--- GIVEN INFORMATION ---
==*==

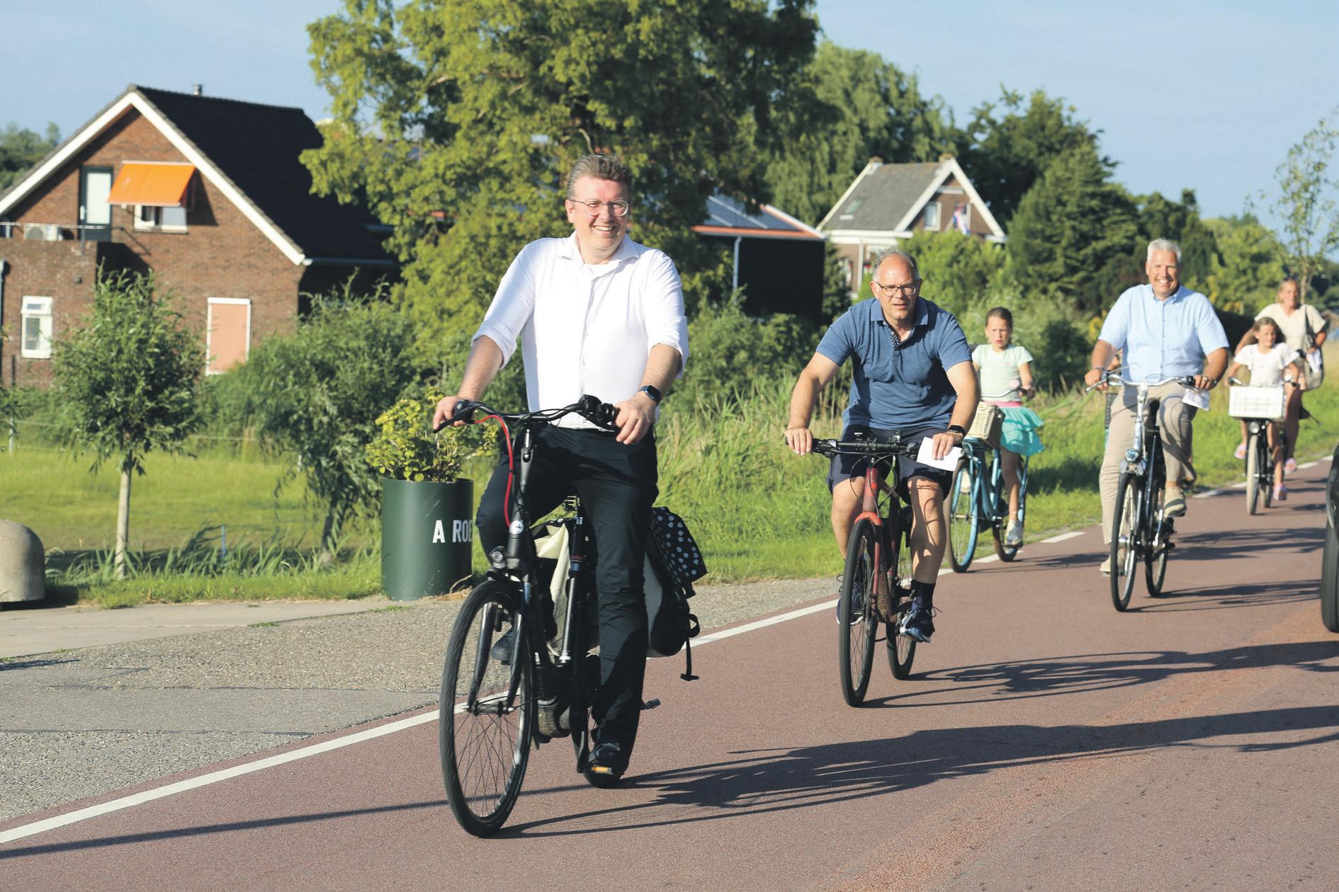 Burgemeester Oosterwijk en wethouders Van der Duijn Schouten en Overheid fietsten op woensdag een etappe mee. Foto: Leen Kruithof
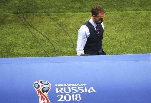 England head coach Gareth Southgate leaves the field at the end of the semifinal match between Croatia and England at the 2018 soccer World Cup in the Luzhniki Stadium in Moscow, Russia, Wednesday, July 11, 2018. (AP Photo/Thanassis Stavrakis) The Associated Press
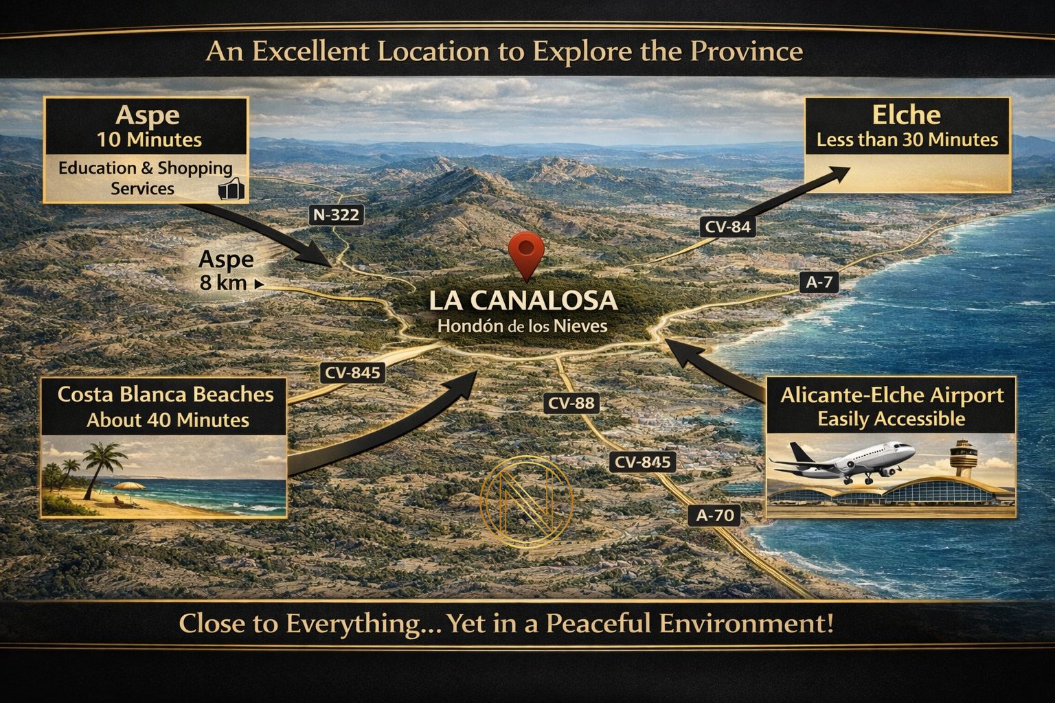 Living in La Canalosa allows you to enjoy peace and quiet while remaining close to key destinations:

==*==

--- EXERCISE OBJECTIVE ---
Return the material above verbatim, minus the pictures.

--- ANSWER TO THE EXERCISE ---
 Burgemeester Oosterwijk en wethouders Van der Duijn Schouten en Overheid fietsten op woensdag een etappe mee. Foto: Leen Kruithof
 England head coach Gareth Southgate leaves the field at the end of the semifinal match between Croatia and England at the 2018 soccer World Cup in the Luzhniki Stadium in Moscow, Russia, Wednesday, July 11, 2018. (AP Photo/Thanassis Stavrakis) The Associated Press
 Living in La Canalosa allows you to enjoy peace and quiet while remaining close to key destinations:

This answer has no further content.